▸ **Problem to solve**: Below are some records. Retype exactly the lines from the one containing "MainScreenAppear is the" through the one containing "If you missed", both included, skipping every picture.

▸ **Supplied material**:
★ ★ ★ ★

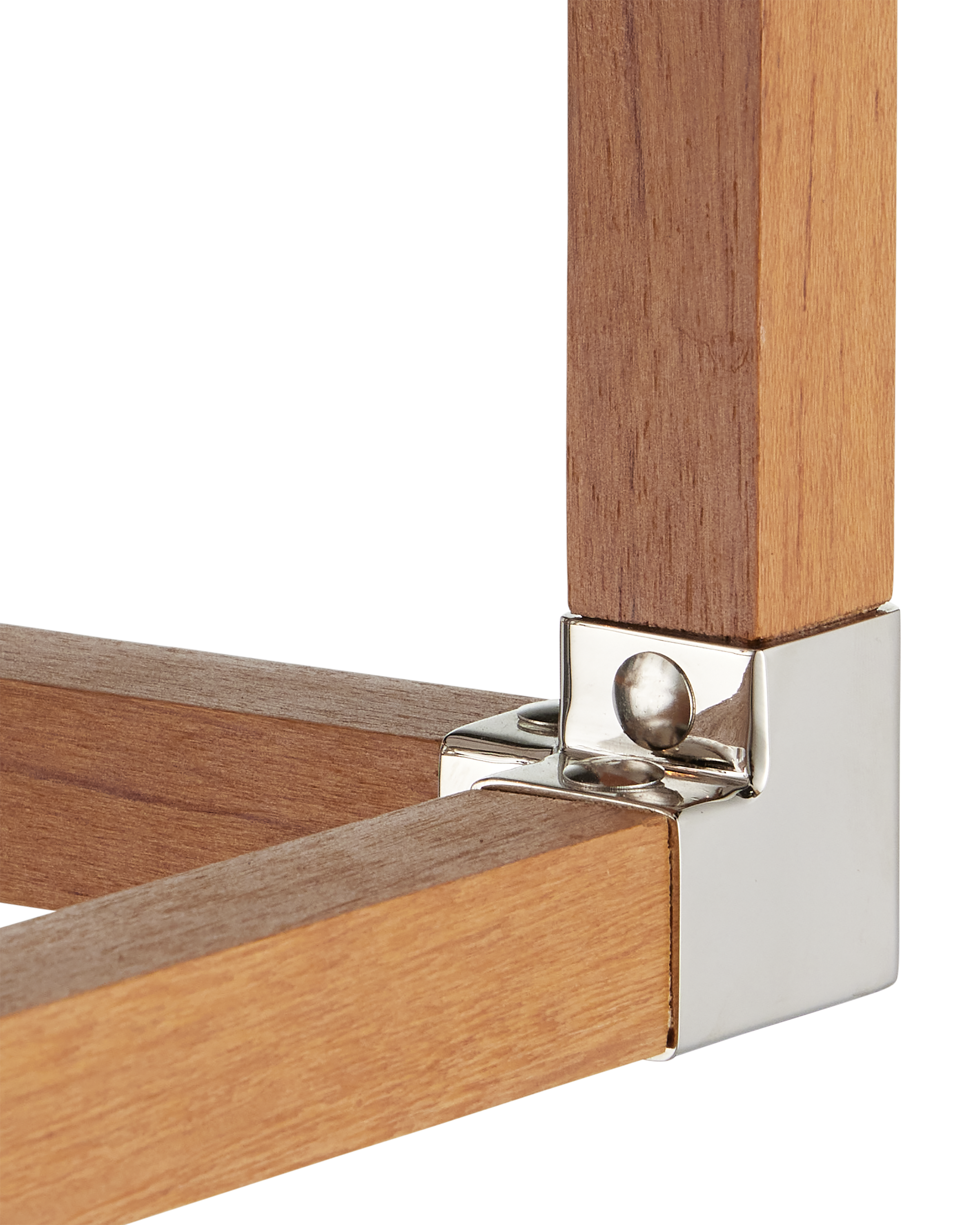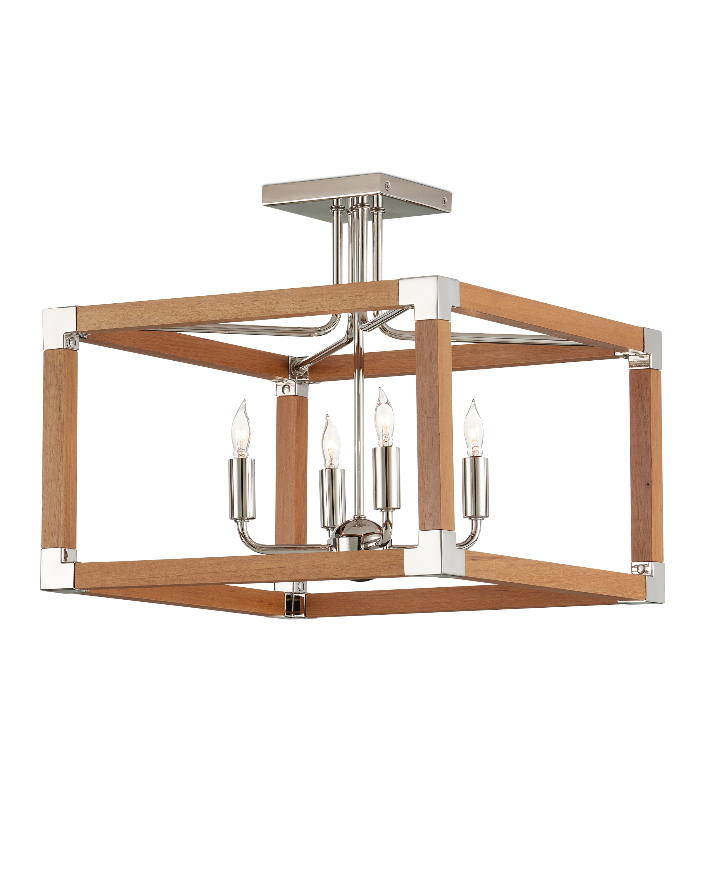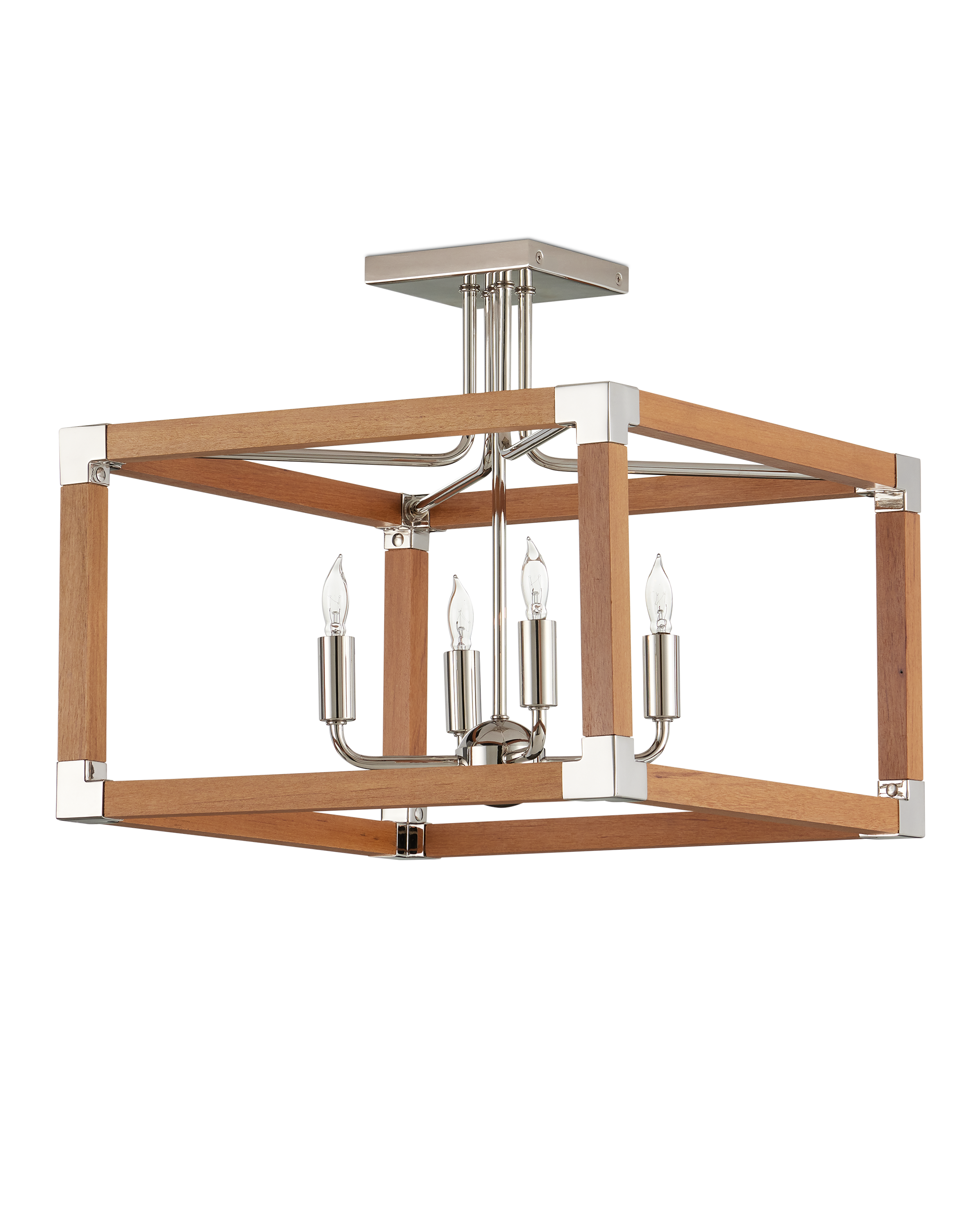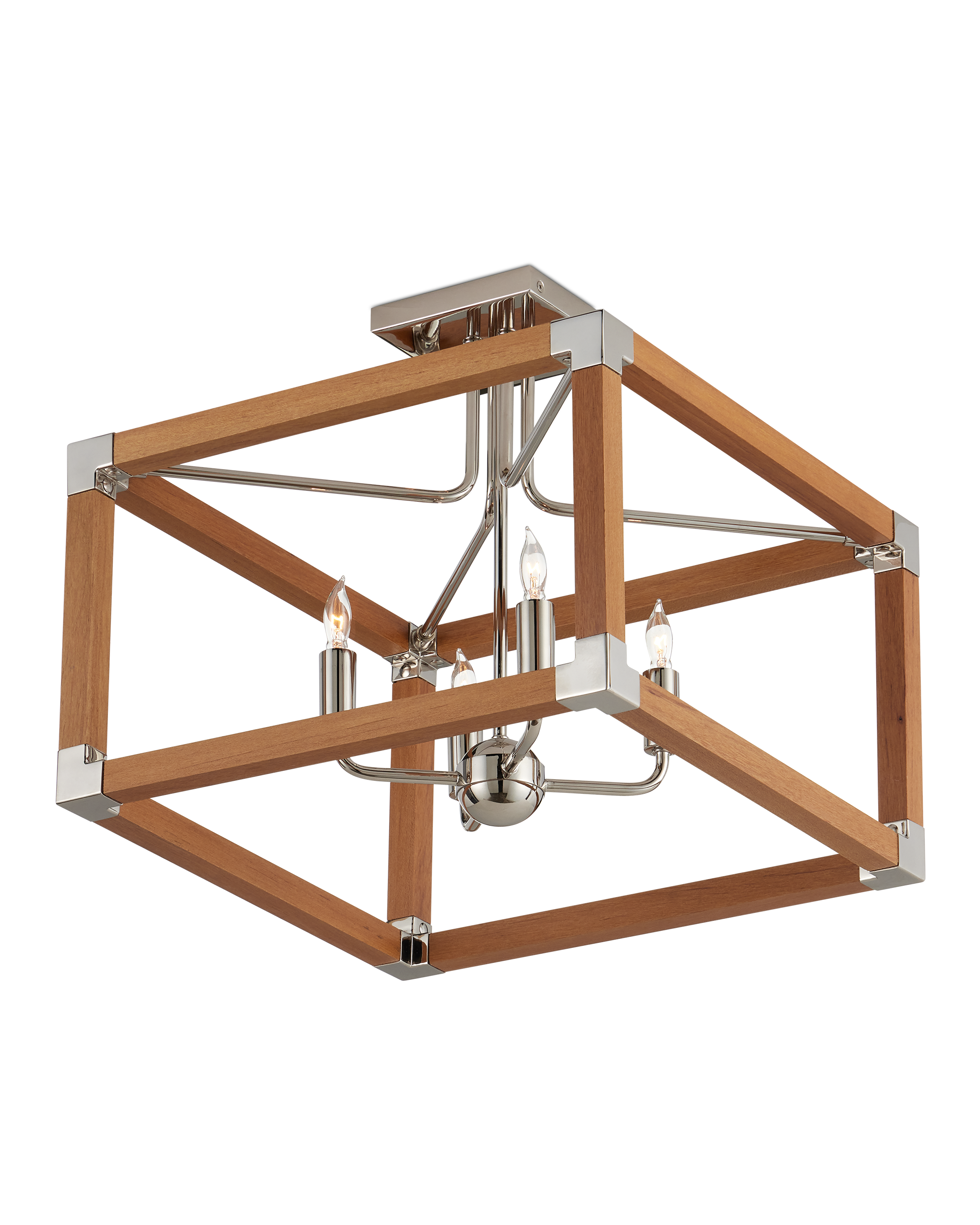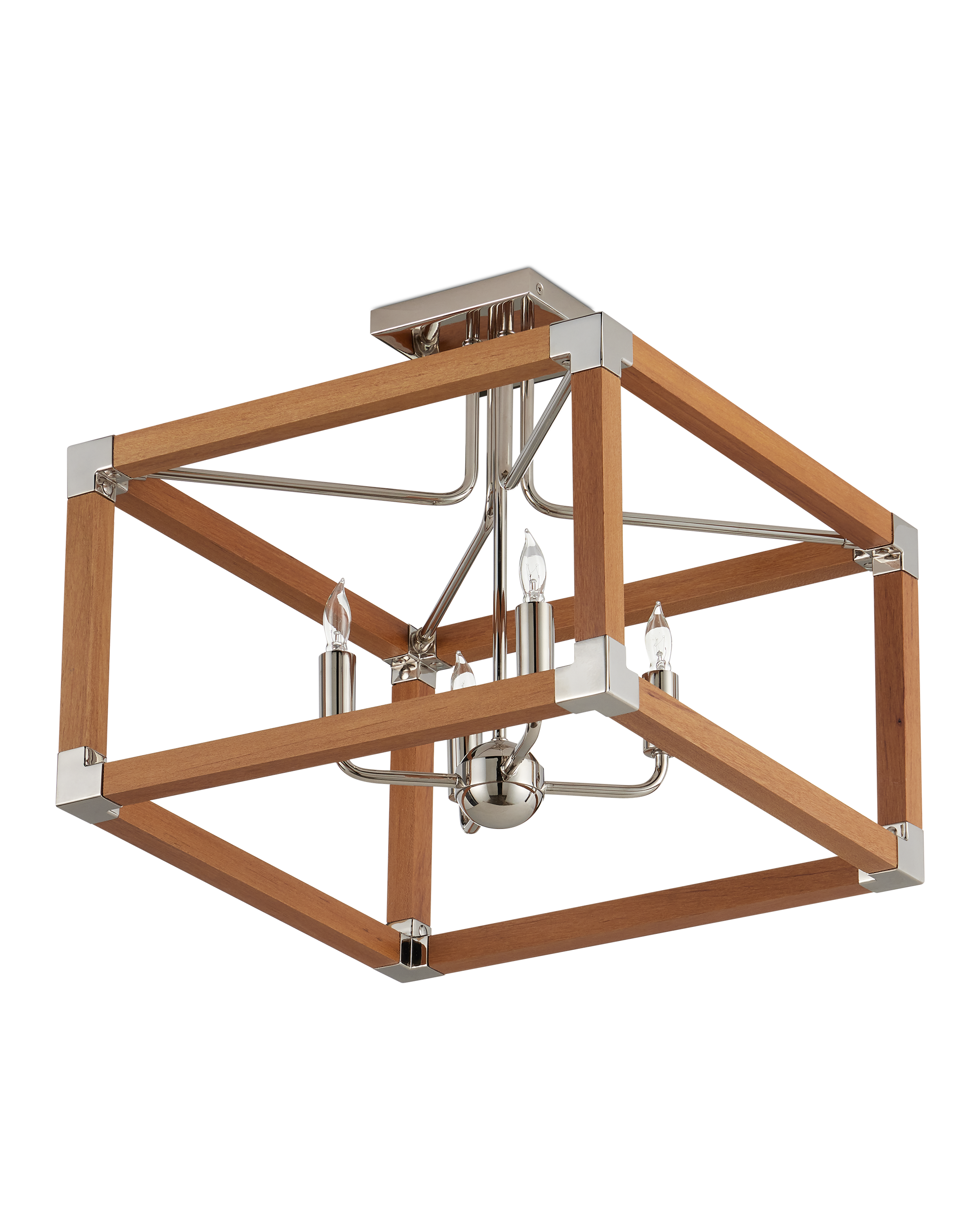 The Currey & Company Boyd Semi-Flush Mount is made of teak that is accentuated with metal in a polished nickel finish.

★ ★ ★ ★

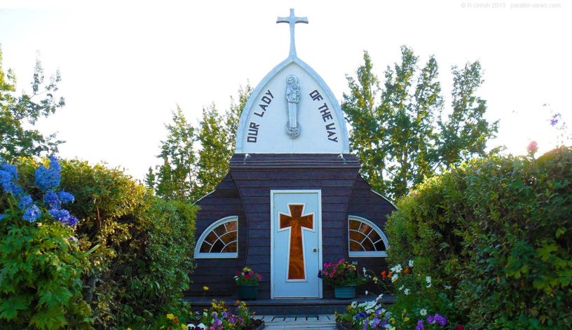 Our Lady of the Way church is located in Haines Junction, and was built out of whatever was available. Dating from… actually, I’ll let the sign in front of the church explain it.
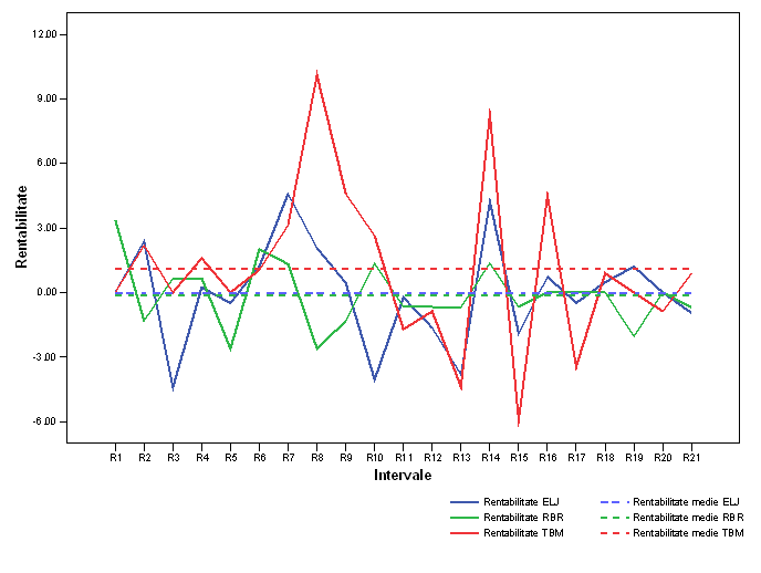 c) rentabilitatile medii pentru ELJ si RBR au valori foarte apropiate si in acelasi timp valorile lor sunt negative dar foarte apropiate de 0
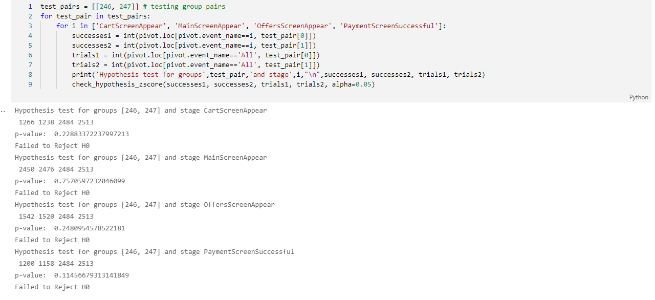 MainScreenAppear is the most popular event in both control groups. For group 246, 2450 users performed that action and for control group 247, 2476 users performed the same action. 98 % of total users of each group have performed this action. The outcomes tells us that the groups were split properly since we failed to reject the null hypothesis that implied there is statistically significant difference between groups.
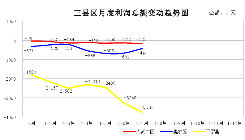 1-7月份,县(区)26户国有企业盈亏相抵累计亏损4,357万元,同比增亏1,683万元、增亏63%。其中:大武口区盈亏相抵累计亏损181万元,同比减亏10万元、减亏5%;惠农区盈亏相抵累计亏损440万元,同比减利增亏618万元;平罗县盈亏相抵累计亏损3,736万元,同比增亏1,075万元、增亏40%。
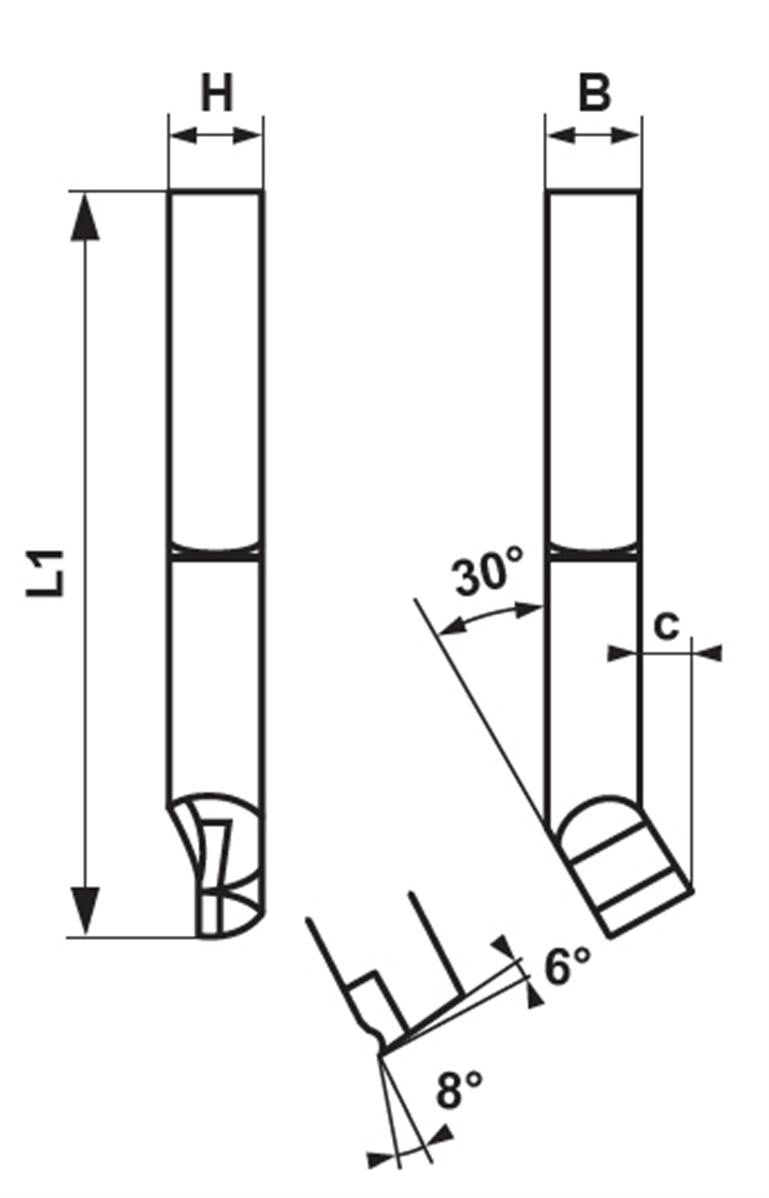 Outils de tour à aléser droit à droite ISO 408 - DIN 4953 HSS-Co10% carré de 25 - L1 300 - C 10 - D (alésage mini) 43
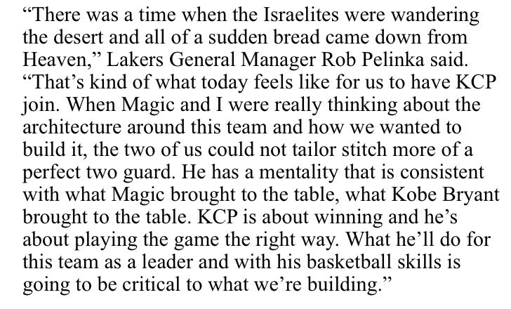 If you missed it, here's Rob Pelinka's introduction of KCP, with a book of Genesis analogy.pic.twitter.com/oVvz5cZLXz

★ ★ ★ ★

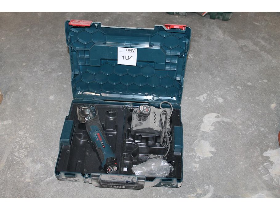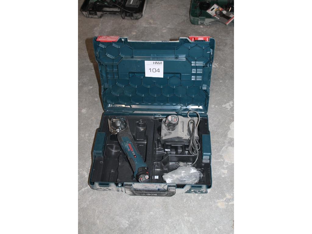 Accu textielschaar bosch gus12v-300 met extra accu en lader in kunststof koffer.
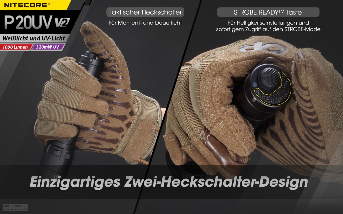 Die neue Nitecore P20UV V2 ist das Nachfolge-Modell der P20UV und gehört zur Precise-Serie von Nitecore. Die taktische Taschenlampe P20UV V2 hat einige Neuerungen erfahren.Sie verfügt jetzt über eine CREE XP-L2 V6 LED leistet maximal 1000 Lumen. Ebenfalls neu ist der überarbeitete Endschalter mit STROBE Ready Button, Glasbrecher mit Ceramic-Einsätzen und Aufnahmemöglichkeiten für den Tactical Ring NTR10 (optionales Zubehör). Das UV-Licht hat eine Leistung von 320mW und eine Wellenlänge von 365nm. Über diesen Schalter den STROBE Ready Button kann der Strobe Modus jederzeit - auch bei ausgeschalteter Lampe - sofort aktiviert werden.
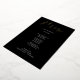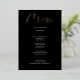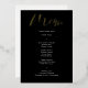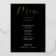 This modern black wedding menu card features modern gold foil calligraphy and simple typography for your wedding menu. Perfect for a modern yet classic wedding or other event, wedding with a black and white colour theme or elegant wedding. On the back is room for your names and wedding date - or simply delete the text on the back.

★ ★ ★ ★

▸ **Output**:
 MainScreenAppear is the most popular event in both control groups. For group 246, 2450 users performed that action and for control group 247, 2476 users performed the same action. 98 % of total users of each group have performed this action. The outcomes tells us that the groups were split properly since we failed to reject the null hypothesis that implied there is statistically significant difference between groups.
 1-7月份,县(区)26户国有企业盈亏相抵累计亏损4,357万元,同比增亏1,683万元、增亏63%。其中:大武口区盈亏相抵累计亏损181万元,同比减亏10万元、减亏5%;惠农区盈亏相抵累计亏损440万元,同比减利增亏618万元;平罗县盈亏相抵累计亏损3,736万元,同比增亏1,075万元、增亏40%。
 Outils de tour à aléser droit à droite ISO 408 - DIN 4953 HSS-Co10% carré de 25 - L1 300 - C 10 - D (alésage mini) 43
 If you missed it, here's Rob Pelinka's introduction of KCP, with a book of Genesis analogy.pic.twitter.com/oVvz5cZLXz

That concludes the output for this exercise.